Вроде бы ничего не переменилось в жизни Марины. Никто ни в школе, ни дома не напоминал ей о краже, но она знала сама, что произошло непоправимое. В классе Марина перебралась на последнюю пустую парту, Люся даже не подняла головы, когда она первый раз прошла мимо своего старого места. Последние три года девочки сидели рядом, но почему-то никто не удивился (по крайней мере вслух), увидев их в разных концах класса. Валя, правда, здоровалась с Мариной, но неохотно, сквозь зубы. Холодок пренебрежения и любопытства окружил девочку. И еще заметила она, что в классе стали как-то очень внимательно следить за своими вещами, и деньги теперь девочки доставали не из портфелей, а из карманов.

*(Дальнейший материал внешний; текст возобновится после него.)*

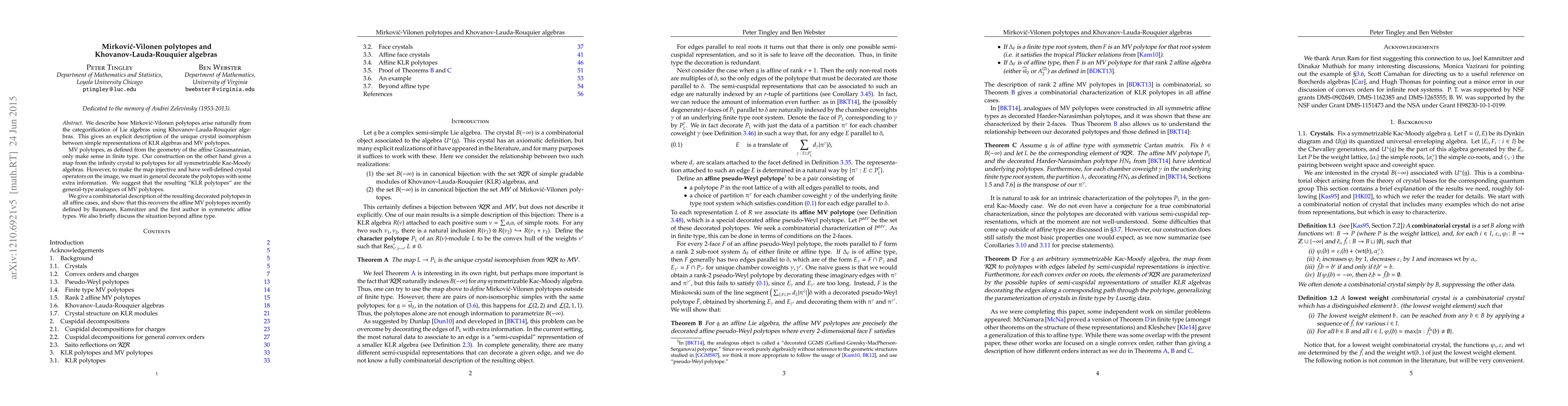 Research connects Mirkovic-Vilonen polytopes to Khovanov-Lauda-Rouquier algebras, providing a new understanding of their relationship in semi-simple Lie algebras.
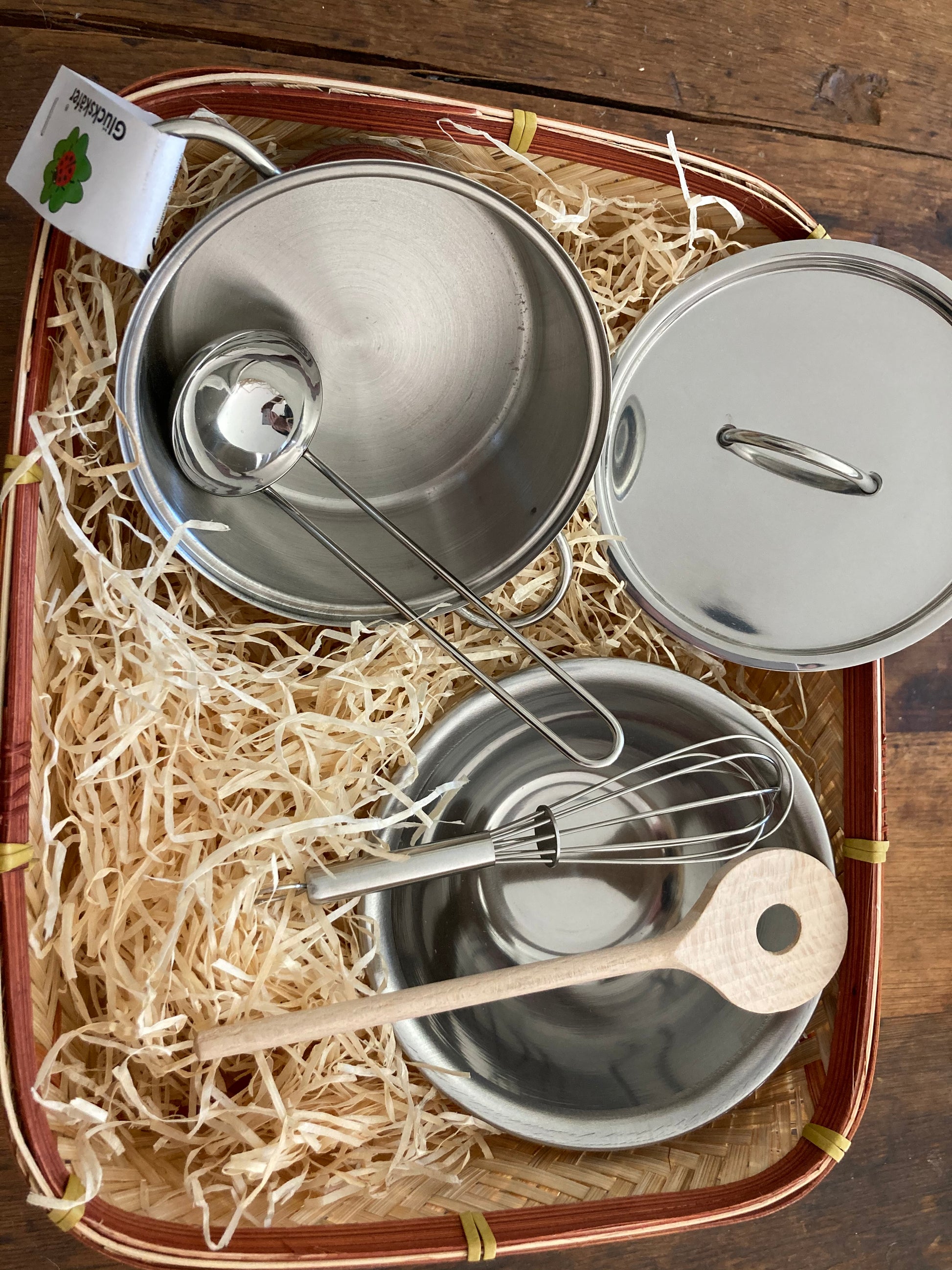 Can actually be used in your home kitchen. Child sized STAINLESS POT, BOWL, WHISK, WOODEN SPOON and SOUP LADLE to encourage cooking and baking skills. View our Keeping House Play Collection.
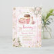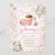 Coffee A Baby is Brewing Pink Bow Baby Shower Gold Invitation
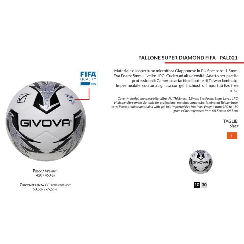 Pallone da Calcio Givova Super Diamond Fifa n°5 Nero Argento PAL0211030
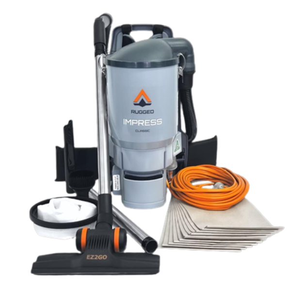 - The Rugged Impress Backpack Vacuum Cleaner is a commercial-grade backpack vacuum engineered for demanding cleaning environments where hygiene, mobility and comfort matter.
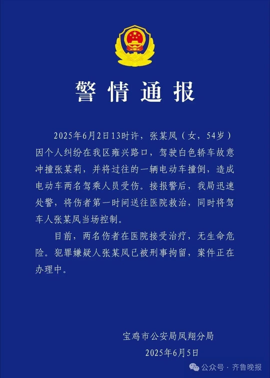 2025年6月2日13时许,张某凤(女,54岁)因个人纠纷在我区雍兴路口,驾驶白色轿车故意冲撞张某莉,并将过往的一辆电动车撞倒,造成电动车两名驾乘人员受伤。接报警后,我局迅速处警,将伤者第一时间送往医院救治,同时将驾车人张某凤当场控制。
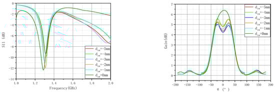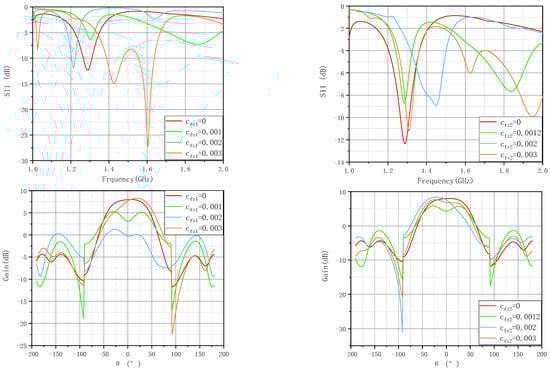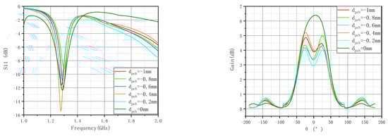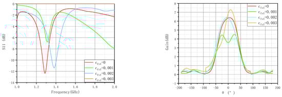 As shown in the S-parameter curves (Figure 14, second plot), as increases from 0 to 0.003, the antenna’s resonant frequency and matching shift sequentially. According to the color legend, = 0 (red line) shows a main matching dip of about −12 dB near 1.28 GHz; at = 0.0012 (orange line), the resonance shifts to ≈1.32 GHz, with a minimum of ≈−11 dB; at = 0.002 (blue line), the resonance shifts most severely to ≈1.45 GHz, with the lowest point of ≈−9 dB; and at = 0.003 (green line), the main resonance shifts back to ≈1.28 GHz, with a minimum of ≈−8.5 dB. Secondary dips near 1.63, 1.83, and 1.95 GHz (≈−6 dB, −7 dB, −10 dB) appear at = 0.0012 and 0.003, indicating that local patch deformation excites new parasitic modes. Overall, increasing causes resonant-frequency oscillation, secondary dips, and a gradual weakening of matching.
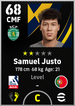 . Samuel Justo is a Center Midfielder footballer from Portugal who plays for Sporting Cp in eFootball 2026.

Как будто ничего не переменилось в жизни Марины. Отводила по утрам Алешу в детсад, бежала в школу, учила уроки. Но мама начала запирать деньги, а ключ уносила с собой. Она никуда не уезжала и даже в магазин за хлебом не посылала Марину.
Ничего не переменилось в жизни Марины. Но ей никто не верил, и переменилась она сама. Смотрела исподлобья и научилась усмехаться какой-то нехорошей, всепонимающей усмешкой. Ей казалось, что нет на свете ни настоящей любви, ни искренней дружбы. Это так… на словах да в книжках. А на замечания Марина отвечала теперь коротко, с ожесточением: «И пускай!»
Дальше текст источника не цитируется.